## Data section
==*==
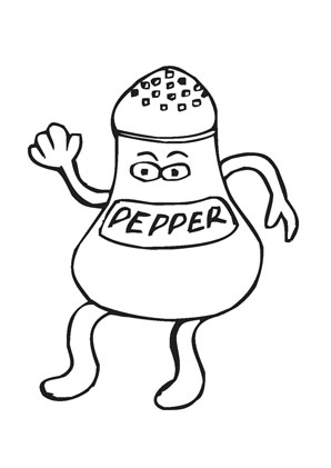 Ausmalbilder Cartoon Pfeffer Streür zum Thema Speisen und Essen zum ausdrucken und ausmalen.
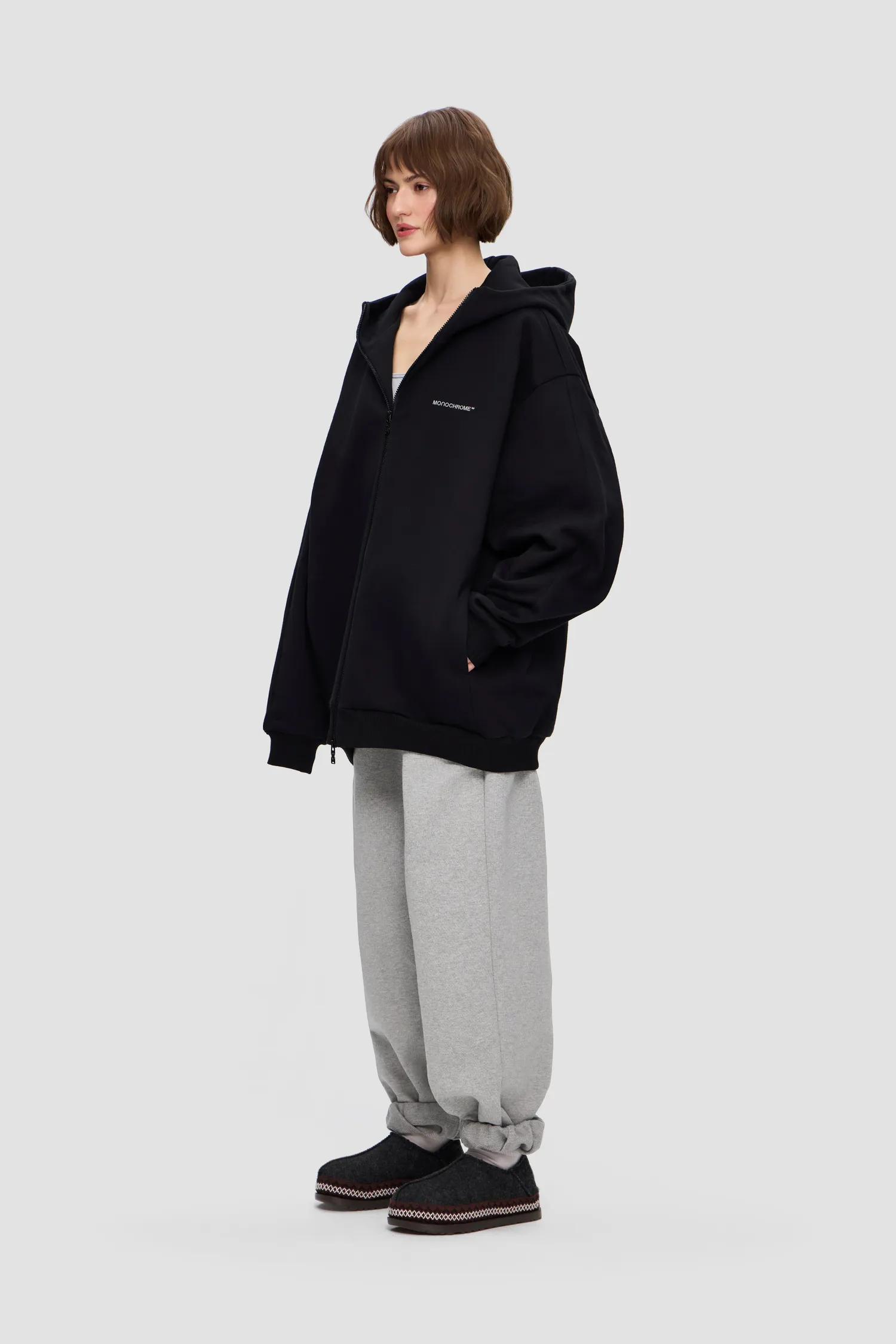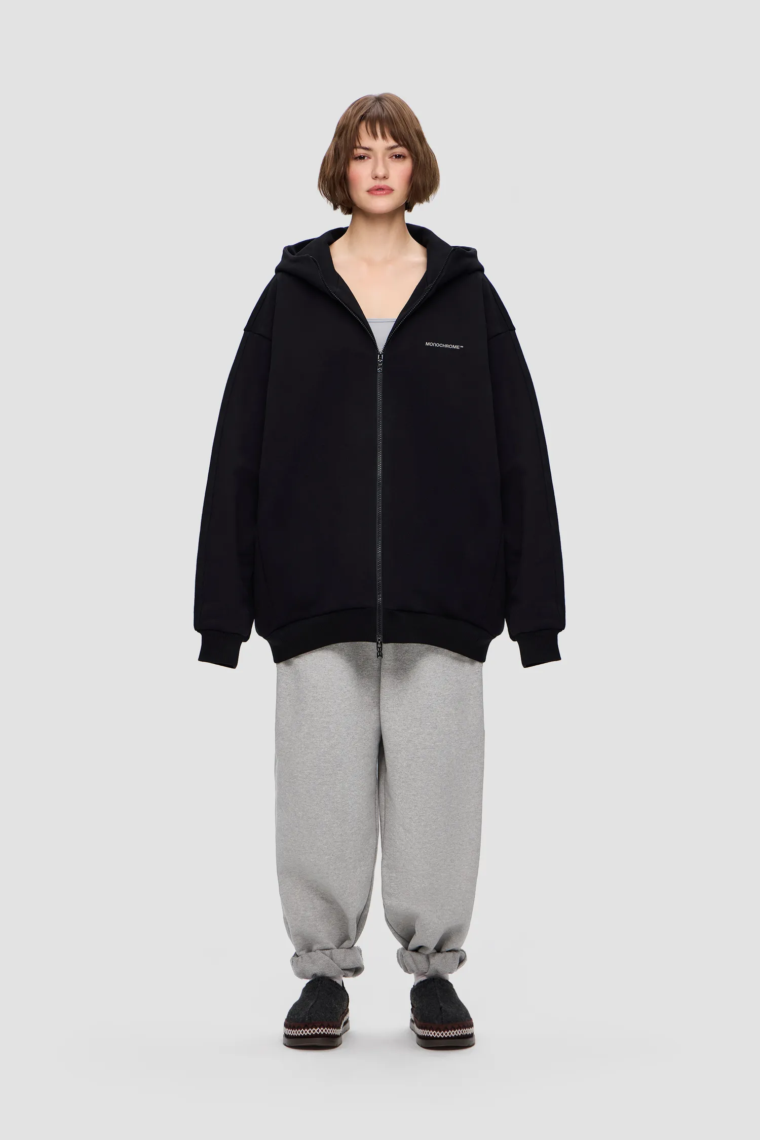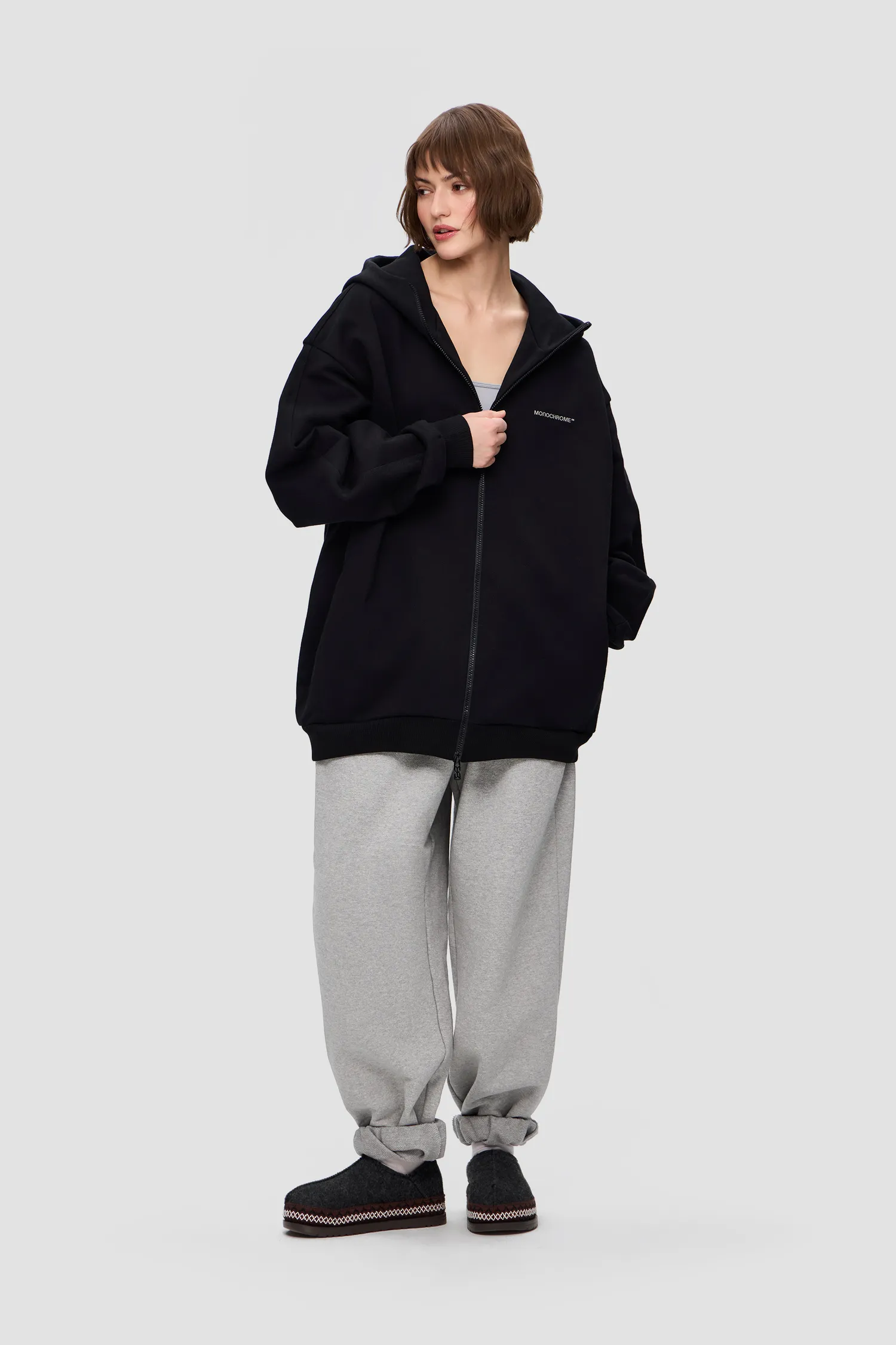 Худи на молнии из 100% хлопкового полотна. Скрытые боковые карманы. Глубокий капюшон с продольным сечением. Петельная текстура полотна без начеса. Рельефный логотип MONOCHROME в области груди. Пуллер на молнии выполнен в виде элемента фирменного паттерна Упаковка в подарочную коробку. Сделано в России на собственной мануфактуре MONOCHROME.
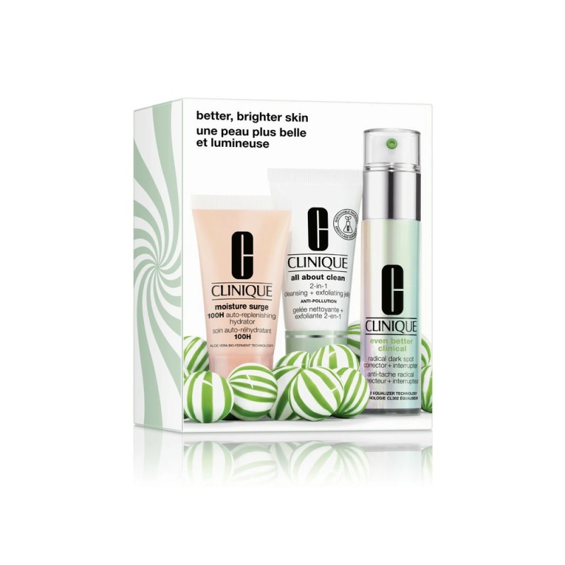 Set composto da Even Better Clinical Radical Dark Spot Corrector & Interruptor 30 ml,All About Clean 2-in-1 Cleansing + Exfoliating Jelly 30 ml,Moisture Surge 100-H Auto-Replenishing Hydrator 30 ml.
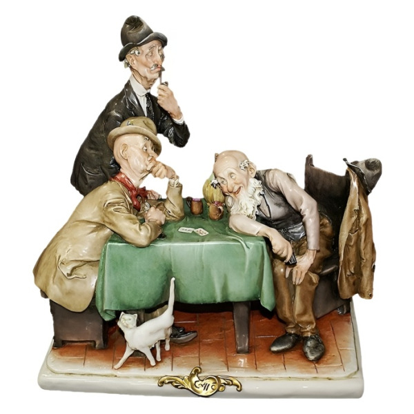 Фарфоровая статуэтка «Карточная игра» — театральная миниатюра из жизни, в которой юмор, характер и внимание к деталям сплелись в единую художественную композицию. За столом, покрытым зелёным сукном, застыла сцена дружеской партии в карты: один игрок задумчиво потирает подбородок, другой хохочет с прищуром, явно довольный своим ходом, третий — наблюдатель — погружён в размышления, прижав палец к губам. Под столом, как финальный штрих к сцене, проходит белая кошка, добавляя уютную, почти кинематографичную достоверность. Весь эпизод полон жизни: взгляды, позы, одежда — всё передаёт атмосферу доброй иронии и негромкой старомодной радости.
==*==
## Task objective
Exact copy, pictures omitted: every line from the one holding "Set composto da" through the last line of the data above, and nothing else.

## Response to the exercise
 Set composto da Even Better Clinical Radical Dark Spot Corrector & Interruptor 30 ml,All About Clean 2-in-1 Cleansing + Exfoliating Jelly 30 ml,Moisture Surge 100-H Auto-Replenishing Hydrator 30 ml.
 Фарфоровая статуэтка «Карточная игра» — театральная миниатюра из жизни, в которой юмор, характер и внимание к деталям сплелись в единую художественную композицию. За столом, покрытым зелёным сукном, застыла сцена дружеской партии в карты: один игрок задумчиво потирает подбородок, другой хохочет с прищуром, явно довольный своим ходом, третий — наблюдатель — погружён в размышления, прижав палец к губам. Под столом, как финальный штрих к сцене, проходит белая кошка, добавляя уютную, почти кинематографичную достоверность. Весь эпизод полон жизни: взгляды, позы, одежда — всё передаёт атмосферу доброй иронии и негромкой старомодной радости.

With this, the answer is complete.